▶ Problem description
Return all entries word for word, but drop any images.

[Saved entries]
● ● ● ● ● ● ●
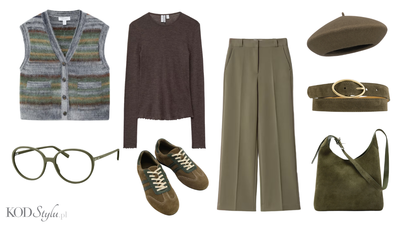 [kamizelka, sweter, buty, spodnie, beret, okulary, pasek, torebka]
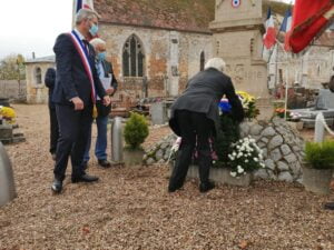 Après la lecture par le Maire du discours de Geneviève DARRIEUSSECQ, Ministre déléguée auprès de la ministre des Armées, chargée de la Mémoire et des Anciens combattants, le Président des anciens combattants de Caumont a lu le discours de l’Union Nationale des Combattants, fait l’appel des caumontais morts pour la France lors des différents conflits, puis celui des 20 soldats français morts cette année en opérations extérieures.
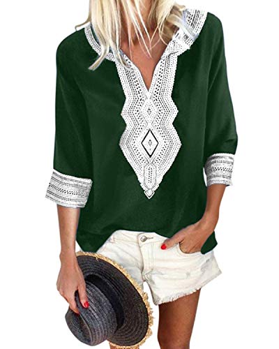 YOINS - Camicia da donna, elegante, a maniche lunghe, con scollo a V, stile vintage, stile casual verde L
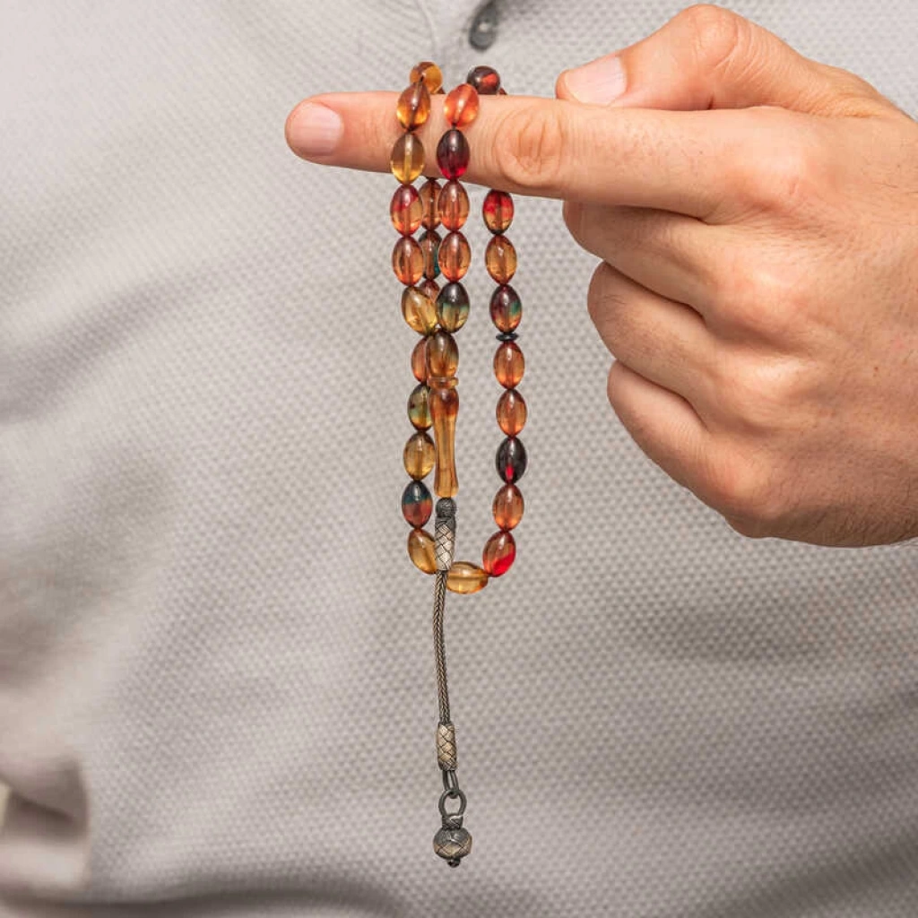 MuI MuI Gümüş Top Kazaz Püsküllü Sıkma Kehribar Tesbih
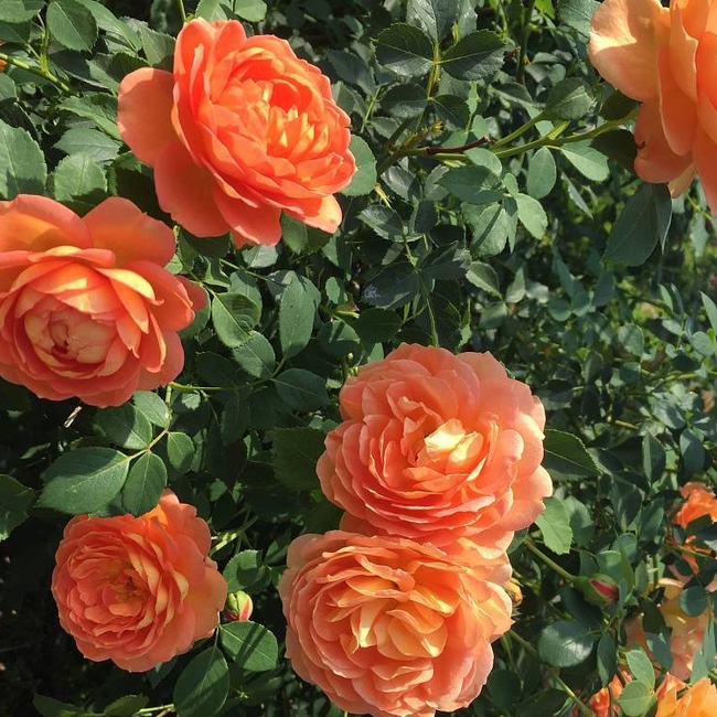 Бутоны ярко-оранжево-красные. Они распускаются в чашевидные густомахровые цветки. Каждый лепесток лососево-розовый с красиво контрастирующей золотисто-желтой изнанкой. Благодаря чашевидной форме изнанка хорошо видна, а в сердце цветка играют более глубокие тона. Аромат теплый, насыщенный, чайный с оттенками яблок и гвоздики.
● ● ● ● ● ● ●
▶ Expected output
 [kamizelka, sweter, buty, spodnie, beret, okulary, pasek, torebka]
 Après la lecture par le Maire du discours de Geneviève DARRIEUSSECQ, Ministre déléguée auprès de la ministre des Armées, chargée de la Mémoire et des Anciens combattants, le Président des anciens combattants de Caumont a lu le discours de l’Union Nationale des Combattants, fait l’appel des caumontais morts pour la France lors des différents conflits, puis celui des 20 soldats français morts cette année en opérations extérieures.
 YOINS - Camicia da donna, elegante, a maniche lunghe, con scollo a V, stile vintage, stile casual verde L
 MuI MuI Gümüş Top Kazaz Püsküllü Sıkma Kehribar Tesbih
 Бутоны ярко-оранжево-красные. Они распускаются в чашевидные густомахровые цветки. Каждый лепесток лососево-розовый с красиво контрастирующей золотисто-желтой изнанкой. Благодаря чашевидной форме изнанка хорошо видна, а в сердце цветка играют более глубокие тона. Аромат теплый, насыщенный, чайный с оттенками яблок и гвоздики.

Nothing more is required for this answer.